Bigtable Storage Model

It stores data in massively scalable tables, each of which is a sorted key/value map. This table is composed of rows, each of which describes a single entity, and columns which contain individual values for each row. Each row is indexed by a single row key, and columns that is related to one another are grouped together into a column family. Each of the columns is identified by a combination of the column family and a column qualifier which is a unique name within the column family.

Each row/column intersection can contain multiple cells at different timestamps, providing a record of how the stored data is been altered over time. Bigtable tables are sparse; if a cell does not contain any data, it does not consume any space.

Load balancing

Each Bigtable zone is managed by a primary process that balances workload and data volume within the clusters. The process splits busier/larger tablets in half and merges less accessed/smaller tablets together, redistributing them between nodes as required. If a particular tablet gets a spike of traffic, Bigtable splits the tablet in two, then distribute one of the new tablets to another node. Bigtable manages all of the splittings, merging, ad rebalancing atomically, hereby saving users the effort of manually administering their tablets.

Memory and disk usage

There are sections that describe how several components of Bigtable affect memory and disk usage for your instance. Here are the sections listed below.

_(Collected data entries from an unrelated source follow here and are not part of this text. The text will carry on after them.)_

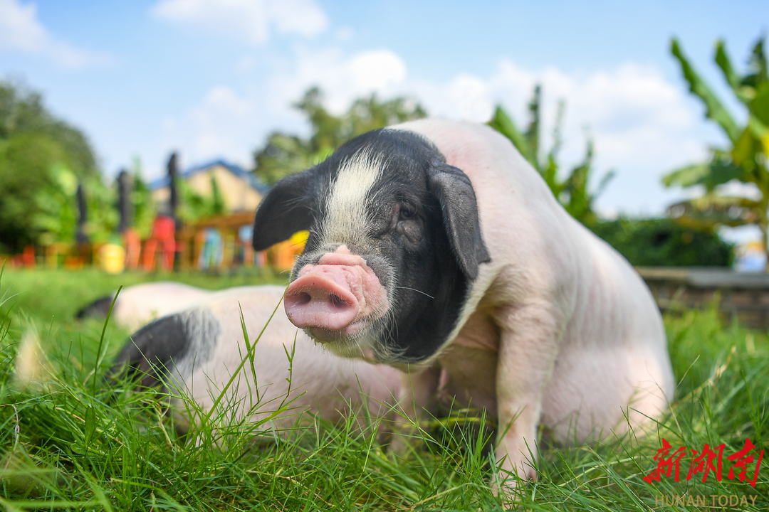 湘潭市沙子岭猪文化体验园,沙子岭猪在草坪上休息。湖南日报全媒体记者 傅聪 摄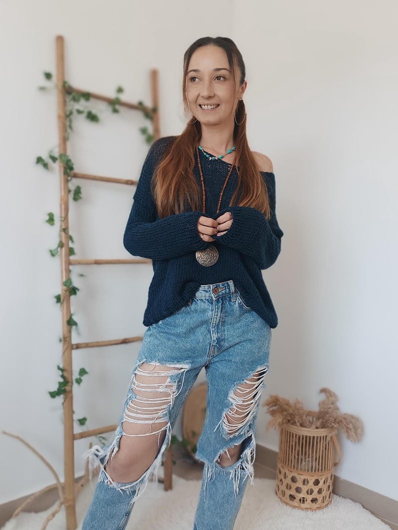 It’s a loose fitting sweater with sleeves that fall right at the wrist and offers great comfort. It’s perfect to pair with wide-leg jeans for a relaxed look, or as a cozy complement to a flared skirt or even joggers for lounging comfortably at home.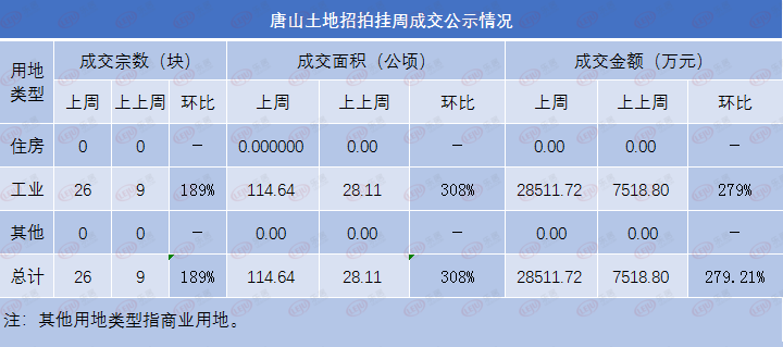 截至7月19日9时编辑截稿,编辑监测中国土地网土地数据,上周(2021年7月12日-2021年7月18日)唐山土地成交26宗地,共计114.64公顷,成交金额约为28511.72万元。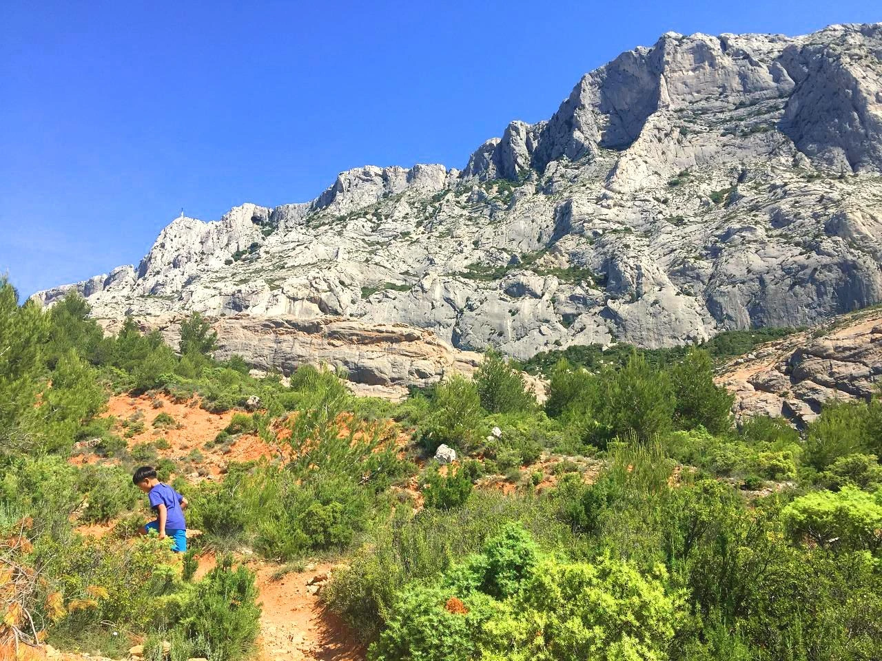 마음 한 구석에서는 불안함이 있었지만, 안내소에서 지도를 받아 짧고 쉬운 코스를 선택하여 호기롭게 트레킹에 나섰다. 폴 세잔의 대피소라고 표시된 지점까지는 가보고 싶었다. 화구를 등에 매고 지팡이를 짚고 올랐을 이 산에서 그의 발자취를 느끼고 싶었다. 폴 세잔이 되어 메마른 산의 구석구석에서 발산하는 신비로운 예술적 영감을 조금이나마 느껴보고 싶었다. 우뚝 솟은 산 덩어리는 은빛으로 빛나고 있다. 하지만 오전 10시에도 이미 6월의 남프랑스의 태양은 존재감을 유감없이 발휘하고 있었다. 그것은 곳곳에 나무와 건물들이 그늘을 만들어내는 마을에서 만난 햇살과 매우 다른 종류의 것이었다. 불과 300미터쯤 올랐을 때 나는 바로 항복했다. 대신 멀리서 산을 우러러보았다. 사막같이 메마른 석회암 바위들과 덤불들과 반짝이는 프로방스의 태양 빛이 아마도 세잔을 이곳으로 끊임없이 불러들였던 것 같다.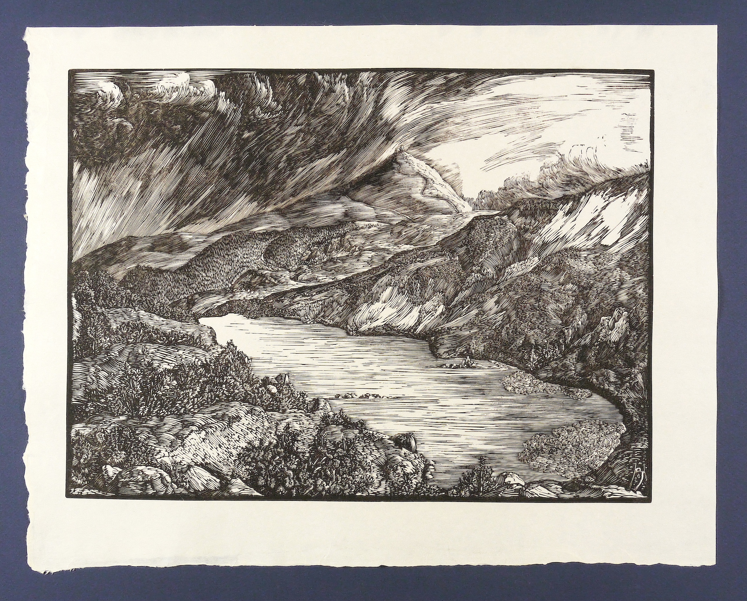 1926. Holzschnitt, in Schwarz, auf feinem hellem Büttenpapier. – Originale Künstlergrafik, von Hans Otto Schönleber. – 33,6 x 45,5 cm (Darstellung / Einfassungslinie), 42 x 54 cm (Blatt).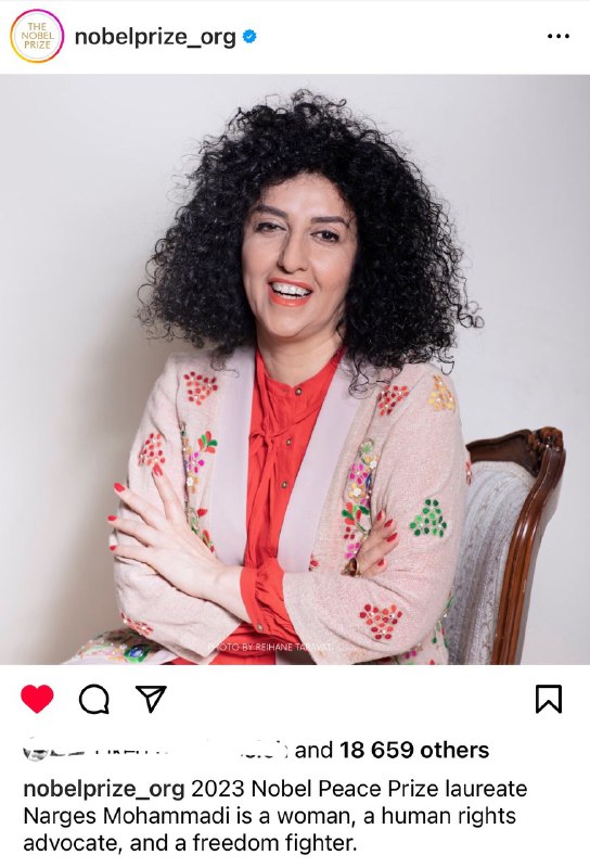کمیتۀ نوبل نروژ تصمیم گرفت جایزه صلح نوبل سال ۲۰۲۳ را به نرگس محمدی به دلیل مبارزه با سرکوب زنان در ایران و مبارزه برای ارتقای حقوق بشر و آزادی برای همه اهدا کند.

  • Empty cells: This does not take up any space. Each row is essentially a collection of key/value entries where the key is a combination of the column family, column qualifier, and timestamp. If a row in the Bigtable does not include a value for a specific key, then the key/value entry is simply not present.
  • Column qualifiers: This takes up space in a row since each column qualifier used in a row is stored in that row. It is efficient to use column qualifiers as data entries.
  • Compactions: Bigtable periodically rewrites your tables to remove deleted entries and to organize your data so that reads and writes are more efficient.
  • Mutations: This is also referred to as changes, and it is done to a row which takes up storage space because of Bigtable stores mutations sequentially and compacts them only periodically. When Bigtable compacts a table, it removes values that are no longer needed.
  • Deletion: Also takes up extra storage space, at least in the short term, because it is actually a specialized type of mutation. Until the table is compacted, a deletion uses extra storage rather than freeing up spaces.
  • Data durability: When using Bigtable, data is stored on Colossus (Google internal) highly durable file system, using storage devices in Google data centers.
  • Security: You can assign IAM roles that prevent individual users from reading from tables, and writing to tables, or creating new instances.
  • Backups: Bigtable backups let you save a copy of your data, then restore from the backup to another tablet at a later time.